7. Build private evals
Public benchmarks are useful.
They are not your production system.
Measure models on your real task classes:
migrations
debugging
release readiness
internal abstractions
security review
test repair
incident summaries
codebase navigation
PR evidence quality
8. Review budgets by outcome
Do not ask only:
who spent the most?
Ask:
what shipped?
how much human review did it consume?
how many attempts did it take?
what defects escaped?
what reusable knowledge was created?
what should be routed differently next time?
That is the difference between buying AI tools and building an AI-native engineering system.
The stable equilibrium
The model vendors will own a lot.
They will own more generic engineering intelligence than most companies expect.
They will make the average code review better.
They will make the average migration plan better.
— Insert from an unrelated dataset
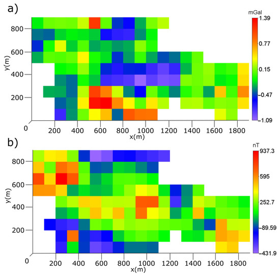 After corrections were performed to the raw data, the residual gravity anomaly was calculated by subtraction of the regional components from the observed complete Bouguer anomaly, and simultaneously, the regional magnetic field was subtracted from the observed magnetic anomaly data. After data reduction, we statistically interpolate the data using variograms to obtain better coverage of the study area and resample a regular mesh at 100 m of spacing, obtaining 128 data points for each (gravity and magnetic) method (Figure 12).
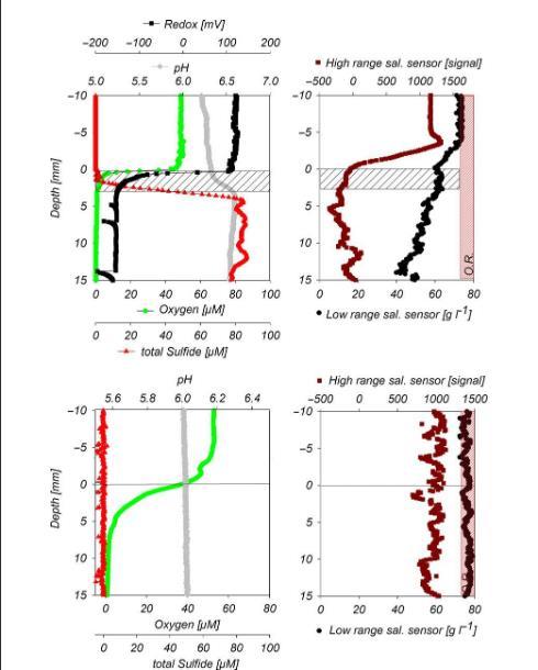 圖4、在WhMat1微生物群落中原位測量的微傳感器剖面(a和b)和死海參考站點(c和d)。陰影區域(a和b)對應微生物群落的位置,而線條(c和d)表示沉積物表面。低鹽度傳感器僅能測量高達70 g L 1的鹽度,超過這個鹽度會超出范圍。

They will make the average test-generation loop better.
They will make the average junior task cheaper.
They will absorb a lot of workflow scaffolding that companies currently think is special.
Good.
We should want that.
There is no moat in forcing humans to remember what a model can reliably surface.
But great companies will still own the harder thing:
context
authority
verification
accountability
taste
strategy
release risk
customer commitments
institutional memory
the learning loop around their own decisions
That is the equilibrium I trust.
More intelligence inside the model.
More authority outside the model.
Use the model as a cognitive engine.
Do not use it as the court of record.
Use model vendors aggressively.
Do not let them become your invisible control plane.
The future engineering function is not organized around who can type code fastest.
It is organized around who can define invariants, operate agents, verify outputs, own release risk, and turn failures into durable knowledge.
The model is not the moat.
The moat is the learning loop you can inspect, evaluate, govern, and carry across models.